Russian "Jewishness" in Israel
Zionism brought them, but halakha rejected them
From http://www.haaretz.com/
Fri., December 02, 2005 Kislev 1, 5766

By Lily Galili

Yelena and Victor Albertman, new immigrants from the former Soviet Union, were married a year and a half ago in Bulgaria. They had no other choice - Victor is a Jew on his mother's side; Yelena is Jewish on her father's side. The joyless wedding in a foreign land legalized the bond between them, but failed to address a painful problem: the couple has two children, a 7-year-old girl and a 2-year-old boy, and they are not considered Jewish.

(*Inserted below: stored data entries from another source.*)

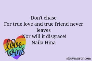 Don't chase For true love and true friend never leaves Nor will it disgrace! Naila Hina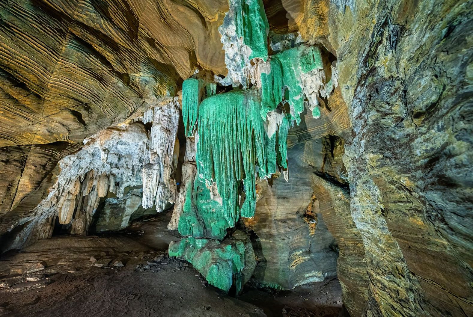 ग्रीन गुफा तक पहुंचने का मार्ग बड़े-बड़े पत्थरों से होकर गुजरता है। गुफा में प्रवेश करते ही सूक्ष्मजीवी जमाव से ढकी हरी दीवारें पर्यटकों को आकर्षित करती हैं। आगे बढ़ने पर एक विशाल कक्ष दिखाई देता है, जहां से भीतर की ओर चमकदार और विशाल स्टैलेक्टाइट्स तथा फ्लो-स्टोन (बहते पानी से बनी पत्थर की परतें) देखने को मिलती हैं, जो गुफा की प्राकृतिक भव्यता को और भी बढ़ा देती हैं।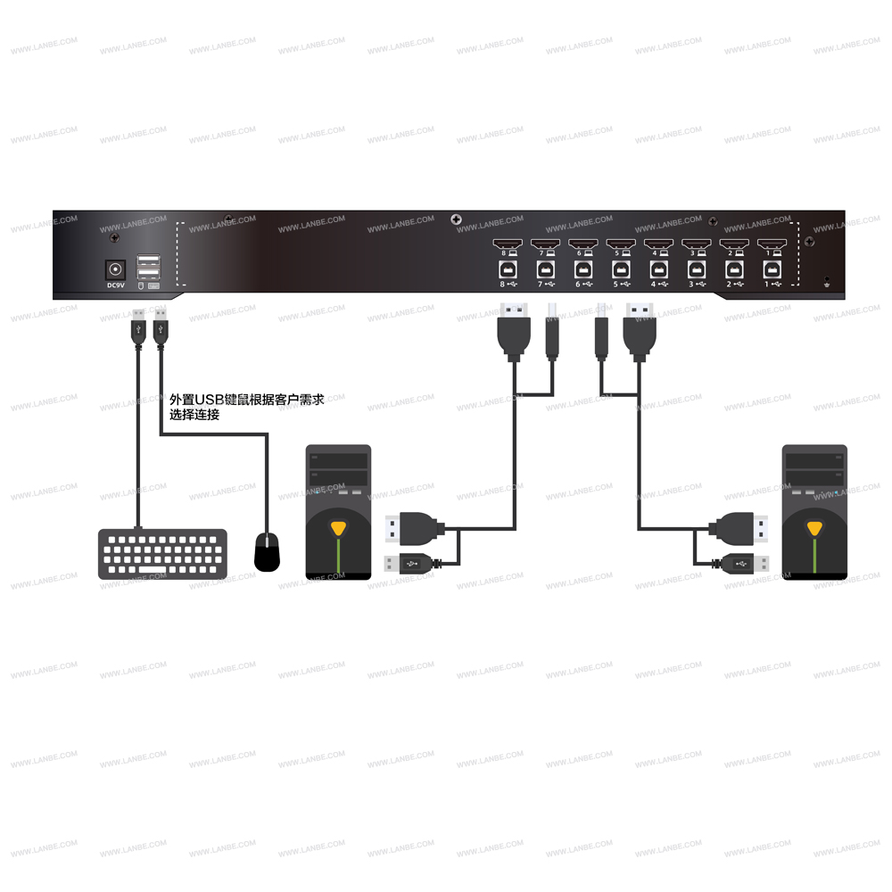 一组USB控制端可管理8台HDMI接口电脑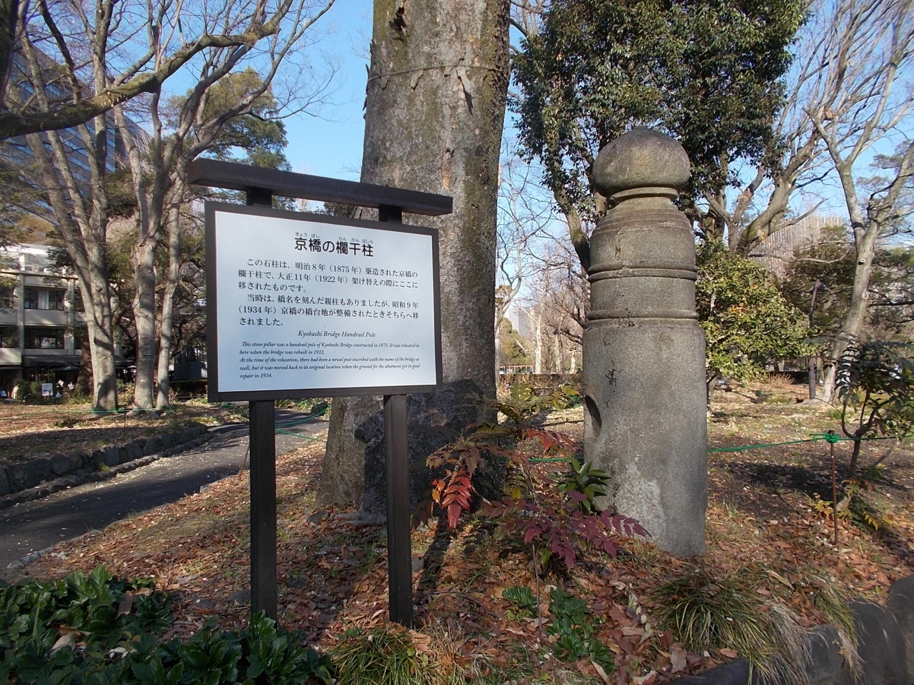 この日比谷公園京橋の欄干柱は公園内の北西のエリアにある雲形池の北側にあります。石の欄干です。今は1本のみ公園にあります。この欄干は明治8年に京橋ができたときに造られたもので大正時代にかけかえられたときに置かれたものです。今はひっそりとして石柱として残っています。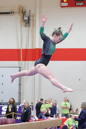 “The girls were able to come out here and do their routines, and it really showed when we were pretty much consistent with our scores for the whole year, which is hard to do in its state,” coach Kristina Aschenbrenner said. “Usually scores drop, five tenths to a whole point even. So we were able to come out and do our routines. We had some season-bests, even here at this meet, so that’s pretty impressive.”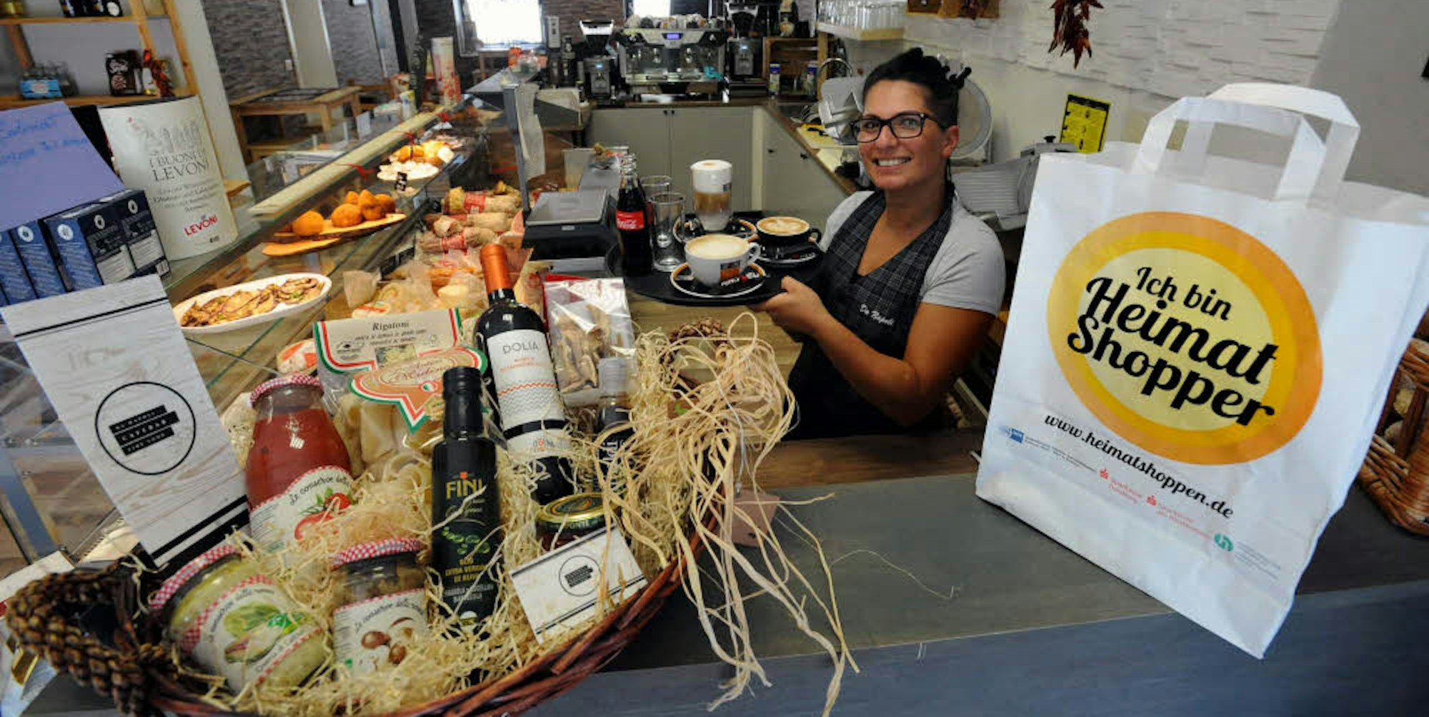 3000 Tragetaschen mit dem Logo von „Heimatshoppen“ sind im Umlauf, hier bei Feinkosthändlerin Rossana Napoli.

The Albertman family, who live in Lod, is one of tens of thousands of families who have found themselves on the inevitable collision course between the Zionist ethos and halakha. The Zionist ethos eagerly brings them here by the Law of Return; the halakha laws reject them upon arrival.
If their younger son marries a Jewish woman, his problems will be over. However, the Israeli-born girl who will be considered an Israeli but not a Jew - unless she converts - will have even greater difficulty than her mother understanding the labyrinth she was born into. As a woman and a mother, she is destined to perpetuate her problem for generations. This is mainly because some 90 percent of the immigrants from former Soviet states tend to marry among themselves. Therefore the chances of a child born to new immigrants - who is not Jewish according to halakha - marrying a spouse from the Russian-speaking community are high. Neither they nor perhaps their children will be able to marry in Israel for generations to come.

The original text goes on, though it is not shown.